Марья Николавна оглянулась.
- Вы что же этим хотите сказать? Я вам мешаю?
- Нет, я сказал потому, что вот Вы ходите по сырости, ноги промочите.
- А вам какое дело до моих ног? Вот это мило. Может быть, я нарочно хочу их промочить, может быть, я умереть хочу.
- Да! Ну...
- Что ну-то?
Рязанов улыбнулся.
- Смешная вы женщина, - сказал он, застегивая пальто на все пуговицы, и сел к столу.
Марья Николавна тоже села, налила ему стакан малины и поставила перед ним графин с ромом.
- Если я и умру, так обо мне плакать будет некому, - сказала она, складывая на коленях руки.
Рязанов взглянул на нее исподлобья и ничего не ответил, потом взял графин и, наливая себе рому, сказал:
- А Александр Васильич-то?
Марья Николавна махнула рукой.
- Это мне все равно.
Рязанов положил сахару в стакан, помешал и спросил:
- А другие не все равно?
- Разумеется.
- Стало быть, Вы не то хотите сказать. Плакать-то будут, только не те, кому следует; Вы и боитесь, что, в случае Вашей смерти, на этот счет может выйти беспорядок. Так, что ли?
- Ну да. однако какой я глупый разговор завела, об смертях там об разных... Бог знает что!
- Чем же глупый? Нет, ничего; разговор подходящий: сумерки, погода скверная; самое время о смертях рассуждать.
Она молча покачала головой; Рязанов подождал, что она скажет, и хлебнул из стакана. В это время где-то за садом грянул ружейный выстрел. Марья Николавна вздрогнула.

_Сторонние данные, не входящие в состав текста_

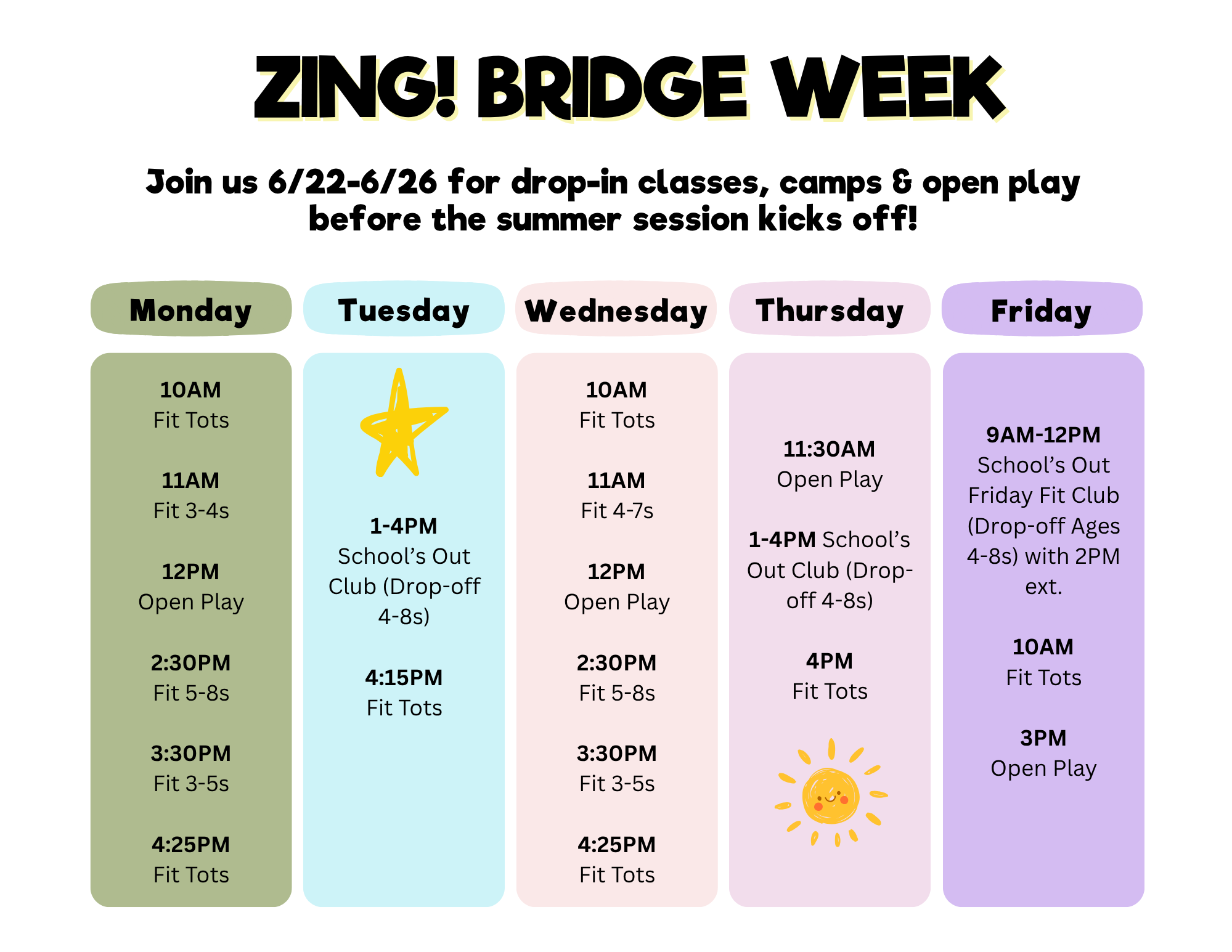 BRIDGE WEEK 6/22-6/26: For that special time between school and our summer session starting, we’re hosting pop-ups to keep the kids moving and feeling strong (while giving you a breather!)
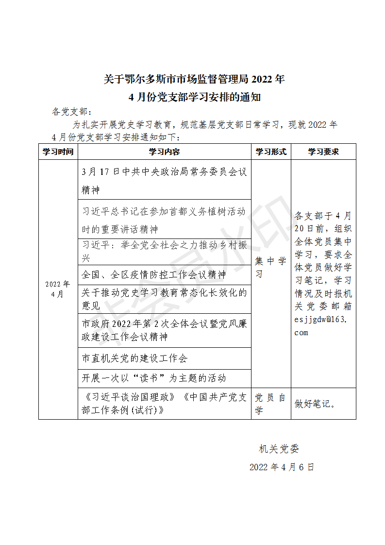 鄂尔多斯市市场监督管理局2020年4月党支部...
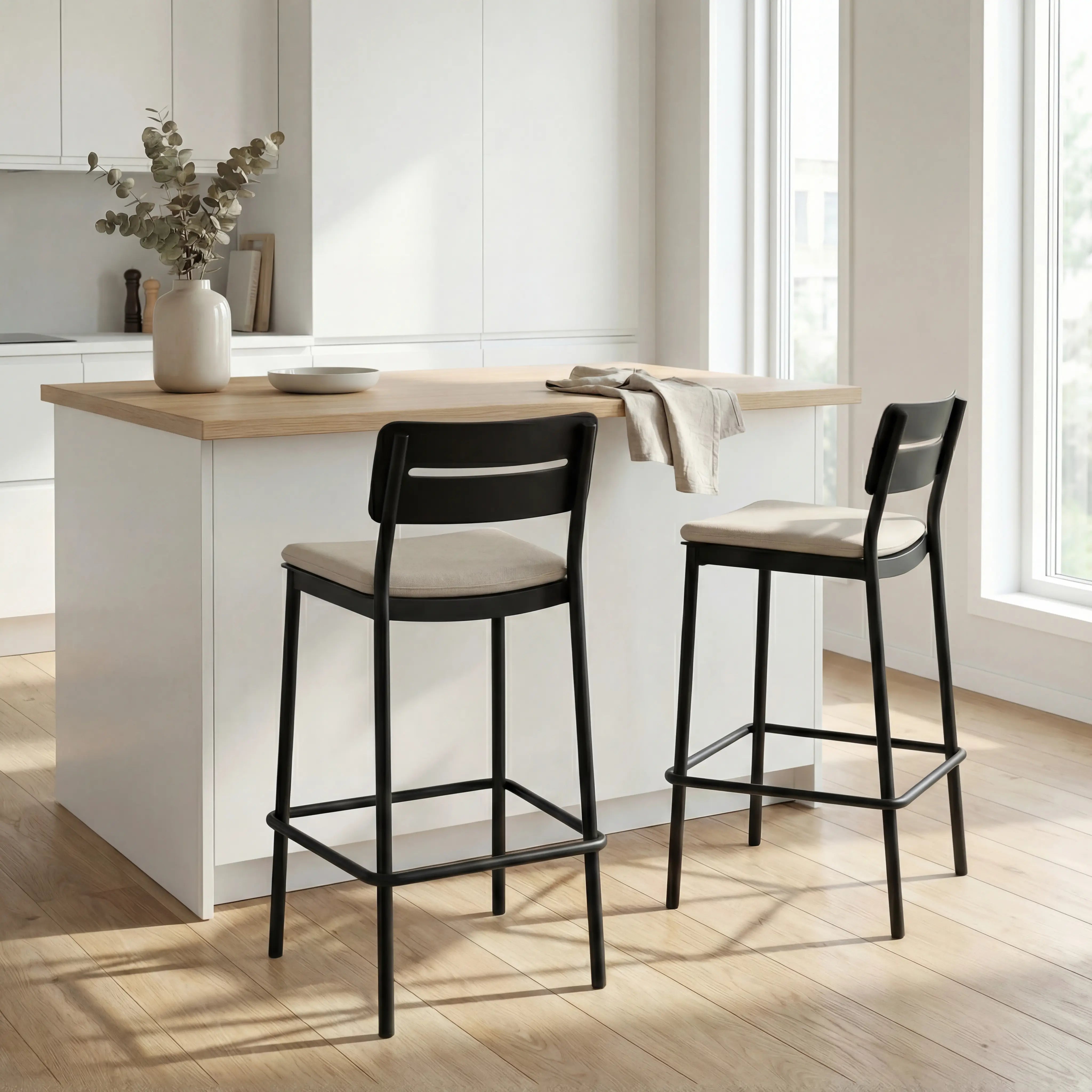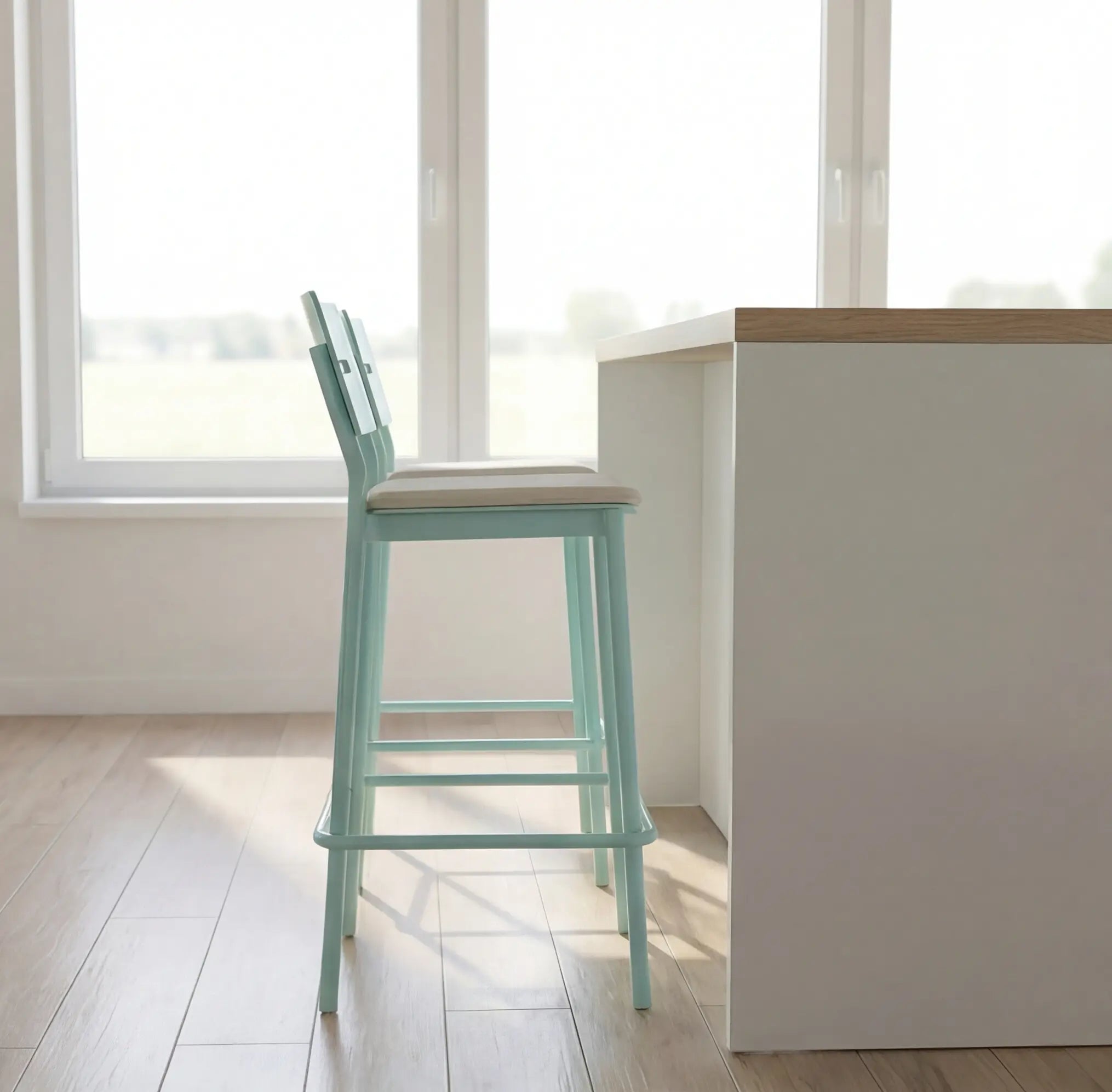 Its gently shaped seat and supportive backrest offer relaxed comfort while maintaining a sleek, minimal look. The open, airy design keeps the chair visually light, making it ideal for kitchen islands, bar counters, or high dining spaces.
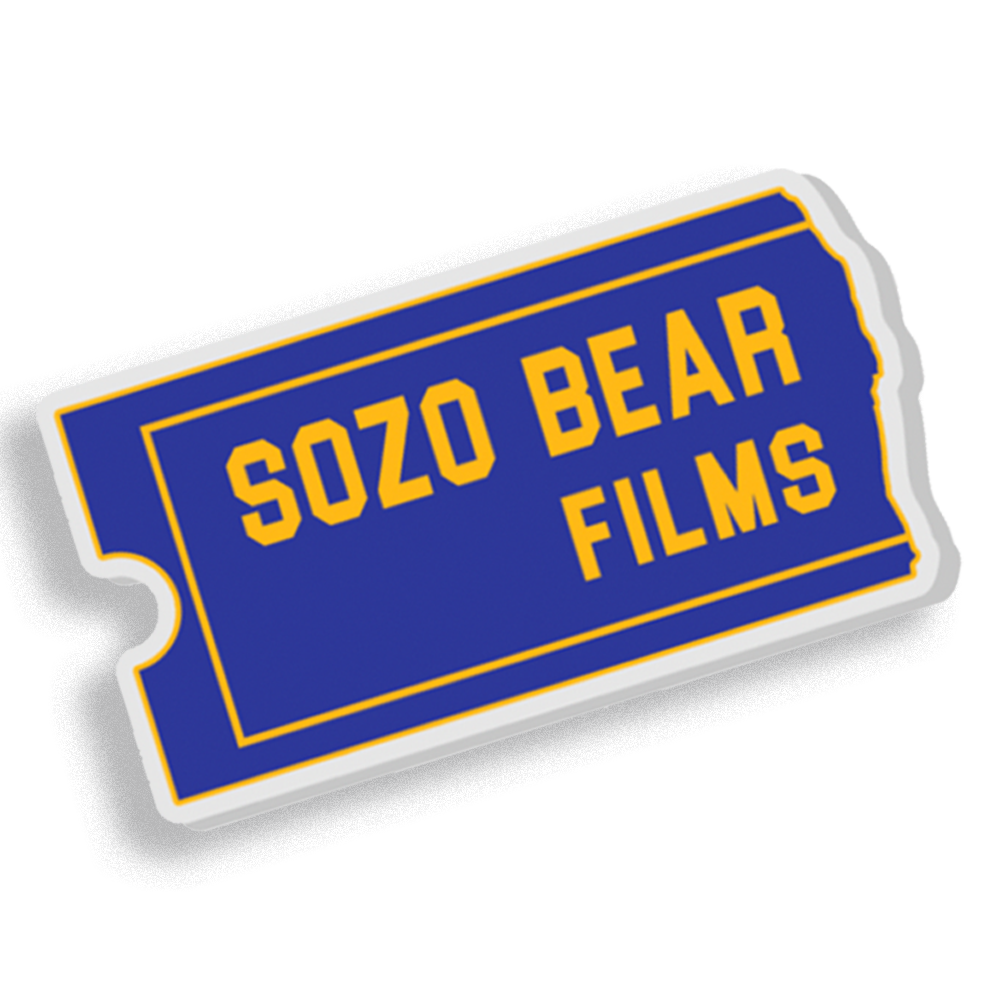 Blockbuster inspired Sozo Bear Films Pin. 1.4" x 0.75"
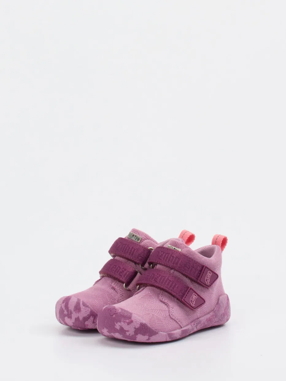 Farbenfrohe Funktion für kleine Entdecker.Affenzahn zeigt mit diesen Lauflernschuhen, wie durchdachte Kinderschuhe aussehen können. Ob zu Hause, in der Kita oder beim Spaziergang: Das Modell überzeugt mit weichem Veloursleder, kombiniert mit einer strukturierten Blattoberfläche. Die kräftige Rosa-Pink-Färbung wird von pflaumen- und korallfarbenen Akzenten ergänzt, was dem Design eine spielerische Leichtigkeit verleiht. Zwei praktische Klettverschlüsse ermöglichen kinderleichtes Anziehen, während die profilierte Gummisohle Trittsicherheit gibt. Die rund-kompakte Form und kontrastierende Fersenlasche runden den skandinavisch inspirierten Look ab. Ideal kombinierbar mit Leggings und Outdoorjacke. Affenzahn verbindet kindgerechtes Design mit zuverlässigem Outdoor-Komfort.
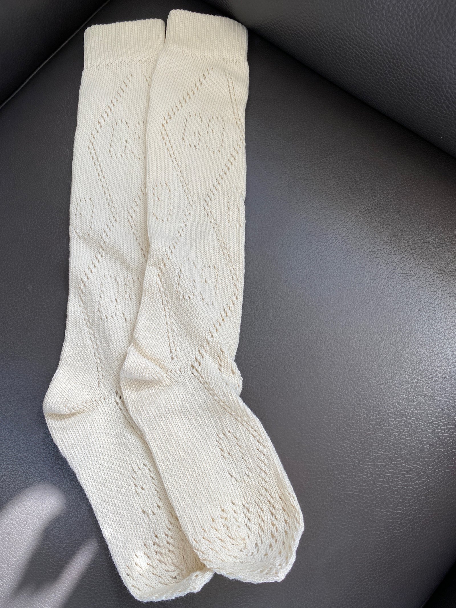 The Gucci Interlocking GG Knit Sock in White is crafted in Italy. This pair of socks features an interlocking GG within a perforated diamond.
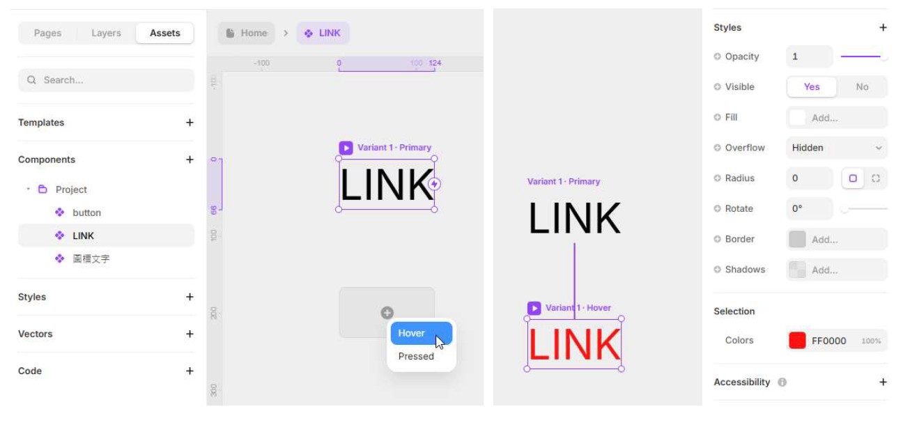 Framer中的元件狀態(Component States)允許設計師定義和管理元件在不同互動情境下的視覺表現,例如懸停、點擊。 通過使用元件狀態,可以輕鬆地在設計中實現動態且具有交互性的效果,提升用戶體驗。
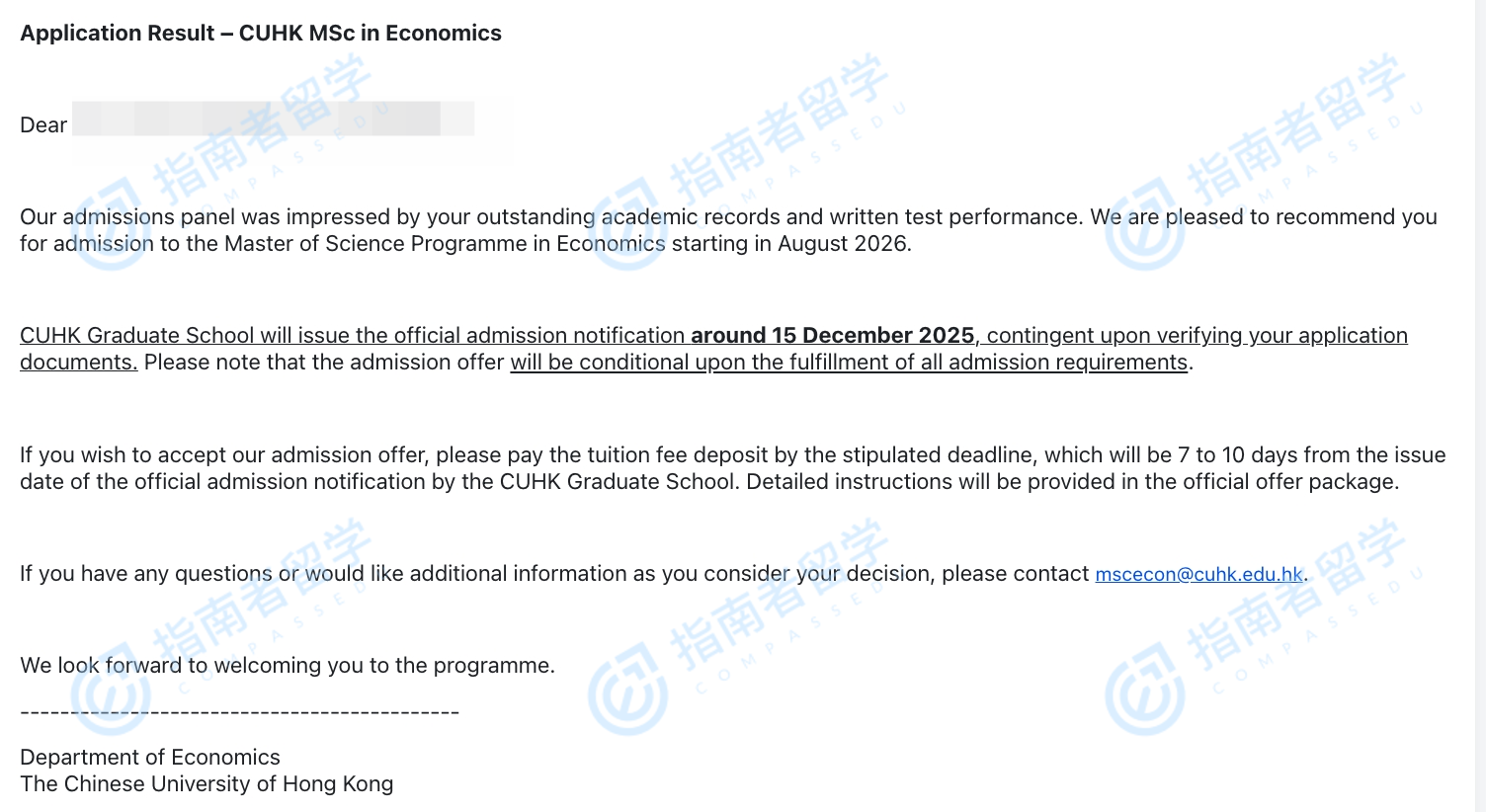 香港中文大學(xué)經(jīng)濟(jì)學(xué)理學(xué)碩士研究生offer一枚
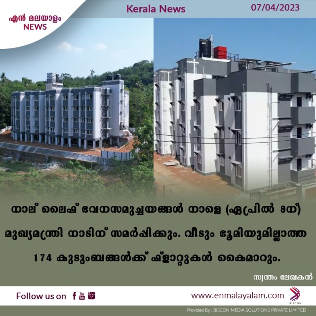നാല് ലൈഫ് ഭവനസമുച്ചയങ്ങള് നാളെ (ഏപ്രിൽ 8ന്) മുഖ്യമന്ത്രി നാടിന് സമർപ്പിക്കും വീടും ഭൂമിയുമില്ലാത്ത 174 കുടുംബങ്ങള്ക്ക് ഫ്ലാറ്റുകള് കൈമാറും.

- Что это такое? - тревожно спросила она.
- А это, должно быть, Иван Степаныч забавляется.
Она подумала, и пугливо посмотрев вокруг, сказала:
- Нет, не хочу я умирать, не хочу.
- Да вас, кажется, никто и не принуждает.
- Давайте вот что... Давайте лучше говорить о чем-нибудь другом, о хорошем. Я ведь, знаете, зачем к вам пришла?
- Ну-с!
- Я хочу поговорить с вами об одном очень важном для меня деле.
- Так что же?
- Прежде всего я хочу поговорить собственно о Вас.
- Обо мне? Ну, это предмет еще не слишком интересный.
- Для меня, напротив, очень; тем более, что с ним связаны и другие еще там разные.
- Да-с. Так что же вам угодно от меня?
- Во-первых, мне угодно, чтобы Вы со мной не разговаривали таким образом.
- Каким?
- А вот этим тоном. Я очень люблю, когда Вы с другими так говорите, только не со мной.
- Да ведь тон... Как вам сказать? Это такая вещь, которая зависит не от одного желания.
- От чего же?
- Да больше, я полагаю, от окружающей нас жизни.
- Вы хотите сказать, что в этой жизни диссонансы?
- Нет, я хочу сказать, что тон задается жизнью, а мы только подпеваем. Пожалуй, можно и повыше его поднять, да что толку? Жизнь сейчас и осадит.
- Так вы находите, - подумав, сказала Марья Николавна, - что в этой жизни (она показала рукою вокруг себя) нет ничего такого, что бы заставило Вас говорить хотя немножко не так, как вы привыкли. Хорошо. Положим, что это так. Ну, а прежде? Неужели в вашей жизни не было таких случаев, каких-нибудь там происшествий, так чтобы вы рассердились или пришли в восторг? А? Были?
- Конечно были, да что из этого?
- Ну, а теперь? Вот здесь? Ну, что Вы думаете теперь, в настоящую минуту? О своем положении, например, что Вы думаете? Скажите!
- О моем положении-то? Да что ж о нем думать? Вообще живу я теперь на летнем положении, в деревне, время провожу приятно; простудился было немного, но теперь напился малины и начал потеть; ну, вот еще думаю, что сидит передо мною женщина, хорошая женщина, и пересыпаем мы с нею из пустого в порожнее. Вот и все.
- Нет, Вы не так меня поняли.
- Очень может быть.
- Я хочу знать, как Вы смотрите на все, что окружает вас здесь, в деревне; на все, что здесь происходит. Неужели с тех пор, как Вы приехали сюда, не случилось ничего такого, что бы могло Вас поразить, удивить, обрадовать или огорчить?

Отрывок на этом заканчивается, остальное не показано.